The causes of deforestation, complex and inherently economic and political, range from poverty in rural areas to economic development and consumerism in Bangkok (Rigg 1995:6).
They include commercial logging (illegal since 1989), gathering fuel wood and making charcoal by rural poor, and swidden agriculture in highland areas (although the blame placed on swidden agriculturalists often ignores the recent decrease in available land that would allow sustainable fallow periods and the upland migration of increasing numbers of lowland peoples).
Rural people, encouraged to clear more forests to join in the market economy, have increased cash-crop production, but at the cost of clearing natural forests.
National security, especially during the pre-1980 era of Communist insurgency based in remote forest areas, contributed to deforestation by building roads to make the forests more accessible and diminish the areas in which the Communists could hide.
Farmers in search of land quickly moved into the secured forests.
The process of state formation linked the national peripheries with the center in Bangkok over the past century, similarly creating greater access to previously isolated areas (Hirsch 1993:29).
Cultural views also promoted deforestation as the forests (paa and theuan) were traditionally seen as wild or untamed (Stott 1991) and available to the general population as common land to be brought into civilization and productivity.

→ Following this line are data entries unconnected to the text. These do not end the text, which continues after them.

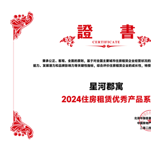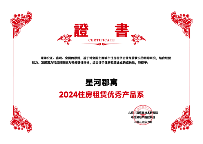 2024年7月4日,由北京中指信息技术研究院主办,中国房地产指数系统、中国物业服务指数系统承办的“中房指数2024房地产市场趋势报告会”在北京召开。会议发布了中国住房租赁优秀企业及项目研究成果,星河产业集团旗下精品公寓品牌“星河郡寓”凭借优越的表现,荣膺“2024住房租赁优秀产品系”认证。
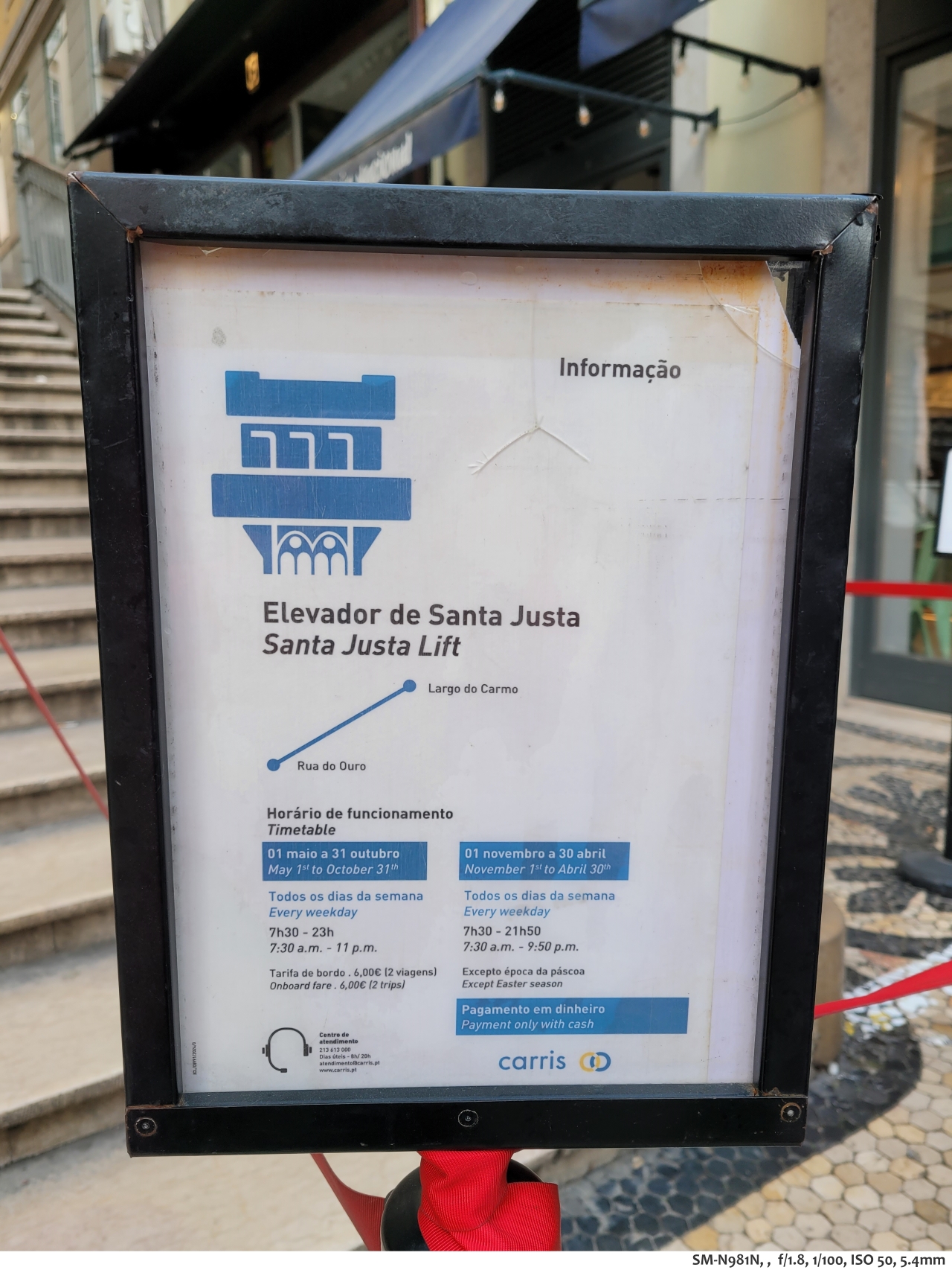 사진을 찍고 있는데 운영하시는 분처럼 보이는 분이 줄을 유도하는 바리게이트를 치셨다. 바리게이트를 고정하는 봉에 산타 후스타 엘리베이터의 운영시간이 적혀 있었다.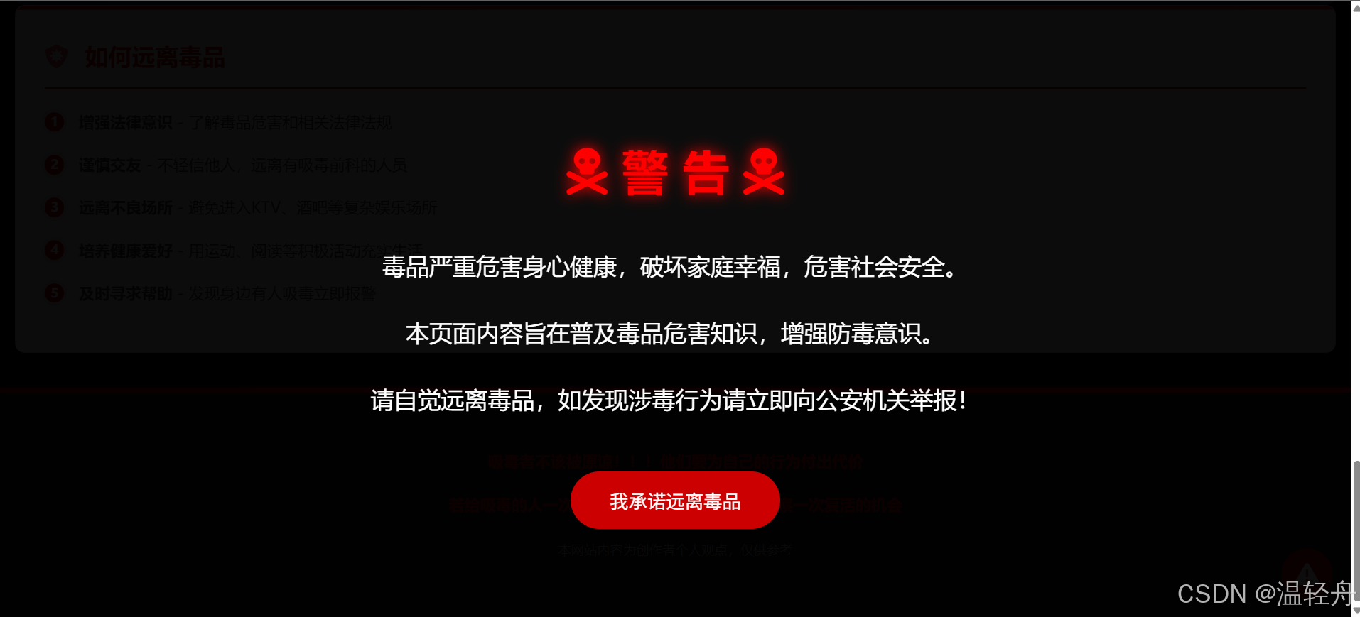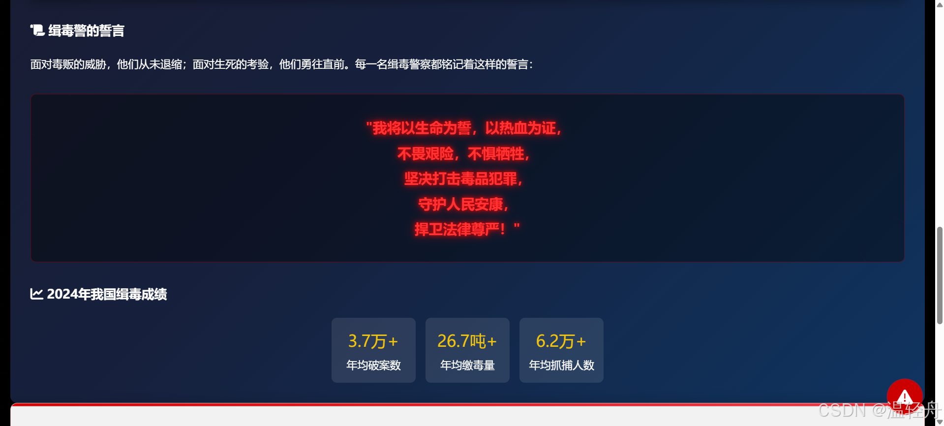 - 标题背景的脉动渐变象征禁毒斗争的持续进行

These factors contributed to deforestation and the integration of the rural population into mainstream political discourse (Hirsch 1993: 14).
Both the environmental degradation and the limits placed upon rural peoples through public policy (in particular, the efforts by the government to remove farmers from national forest reserve lands in favor of either conservation or economic development of productive forests) affect the quality of life of the rural population.
These issues have provoked some monks into socially conscious action in the name of religious practice and responsibility.